**Problem requirements:**
Copy exactly, and copy nothing else: the line that contains "As a previous" and all lines after it in the listing, without pictures.

[[ Collected material open ]]

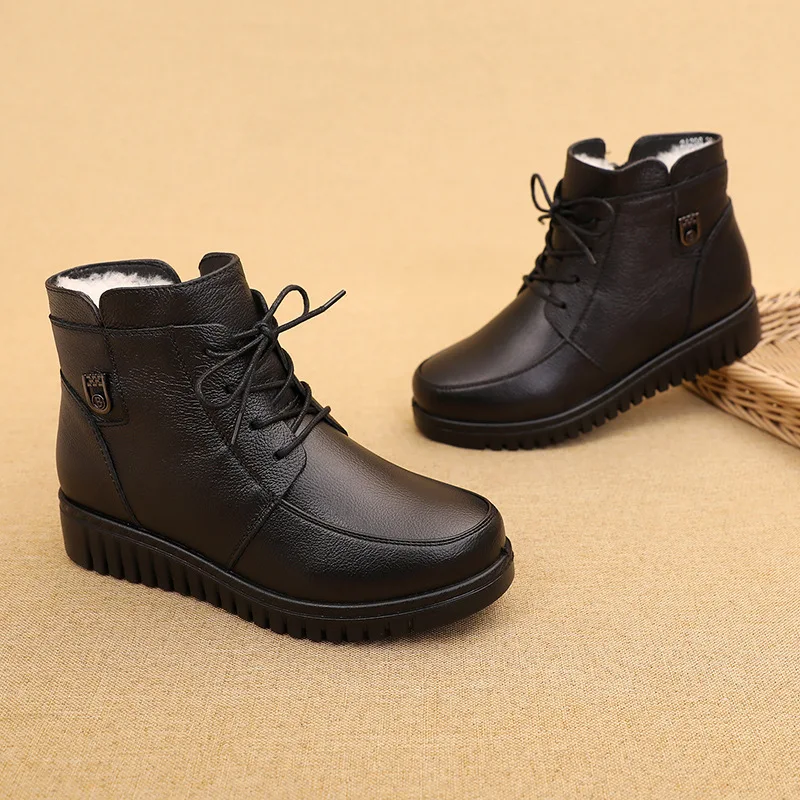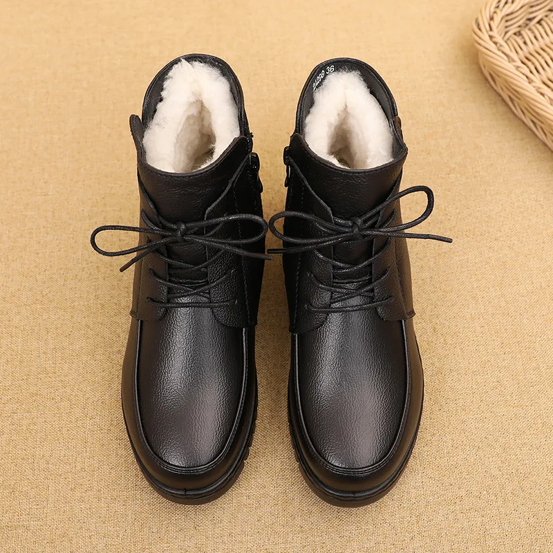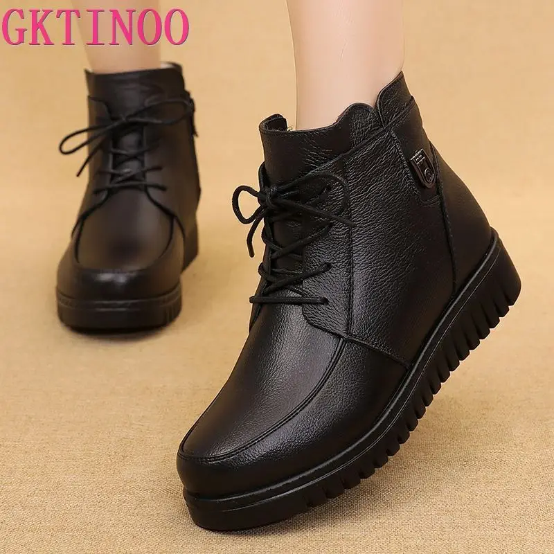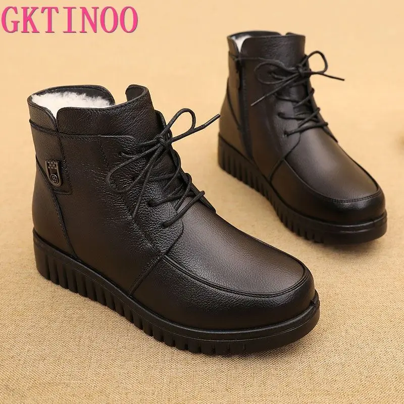 GKTINOO2022 г.; Женские зимние ботинки; Зимние ботильоны на плоской подошве; Женская теплая обувь на платформе; Ботинки из натуральной кожи на толстом меху
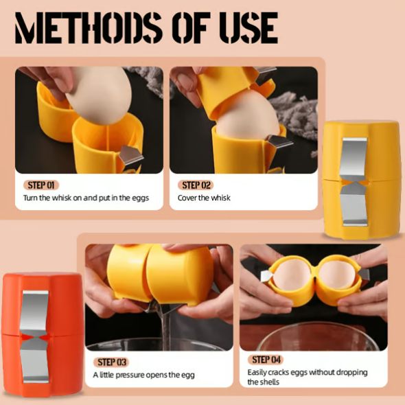 How to Use: Put the eggs into the cube, and press the metal clamp with your fingers. Doing so will indeed crack the inside of the eggshell Finally, turn the cube upside down and open, and then pour the cracked egg yolk into a plate or container.
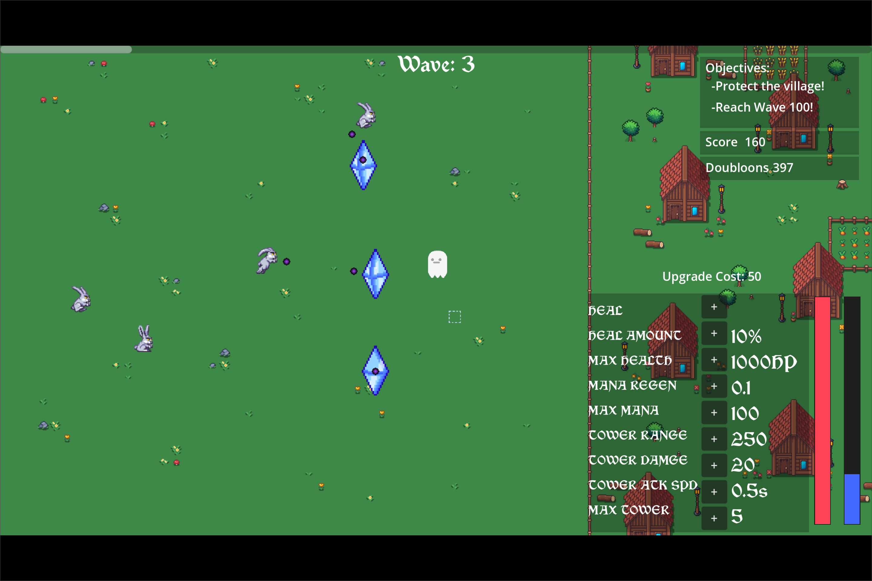 As a previous resident (and ghost), protect your village from evil forest spirits! Can you reach Wave 100?!
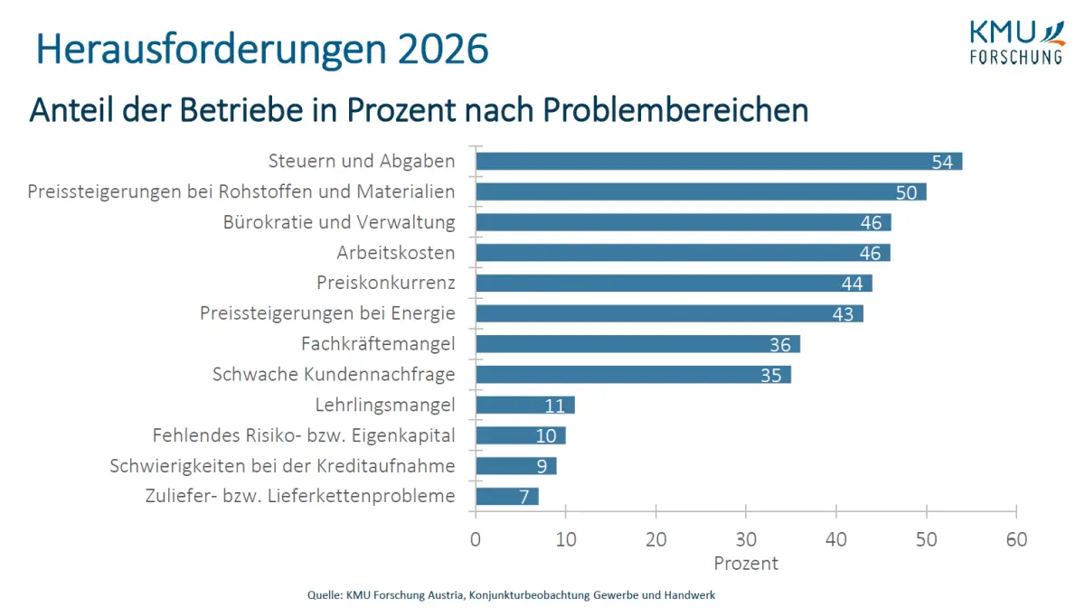 Ein dringliches Thema ist auch die Ausbildung von Lehrlingen. Das Gewerbe und Handwerk war mit knapp 44.000 Lehrlingen Ende 2025 weiterhin der mit Abstand größte Lehrlingsausbilder des Landes. Die Betriebe klagen jedoch über mangelnde Unterstützung, während der Aufwand massiv gestiegen ist – zeitlich, personell, finanziell. Denk weist darauf hin, dass sich die Lehrlingseinkommen in den vergangenen zehn Jahren verdoppelt haben. „Die Ausbildungsbetriebe investieren pro Jahr 3 Milliarden Euro in die Lehrlinge. Sie sorgen dafür, dass die Lehre attraktiv bleibt. Es ist der Staat, der sich aus der Verantwortung stiehlt.“

[[ Collected material closed ]]

**Exercise response:**
 As a previous resident (and ghost), protect your village from evil forest spirits! Can you reach Wave 100?!
 Ein dringliches Thema ist auch die Ausbildung von Lehrlingen. Das Gewerbe und Handwerk war mit knapp 44.000 Lehrlingen Ende 2025 weiterhin der mit Abstand größte Lehrlingsausbilder des Landes. Die Betriebe klagen jedoch über mangelnde Unterstützung, während der Aufwand massiv gestiegen ist – zeitlich, personell, finanziell. Denk weist darauf hin, dass sich die Lehrlingseinkommen in den vergangenen zehn Jahren verdoppelt haben. „Die Ausbildungsbetriebe investieren pro Jahr 3 Milliarden Euro in die Lehrlinge. Sie sorgen dafür, dass die Lehre attraktiv bleibt. Es ist der Staat, der sich aus der Verantwortung stiehlt.“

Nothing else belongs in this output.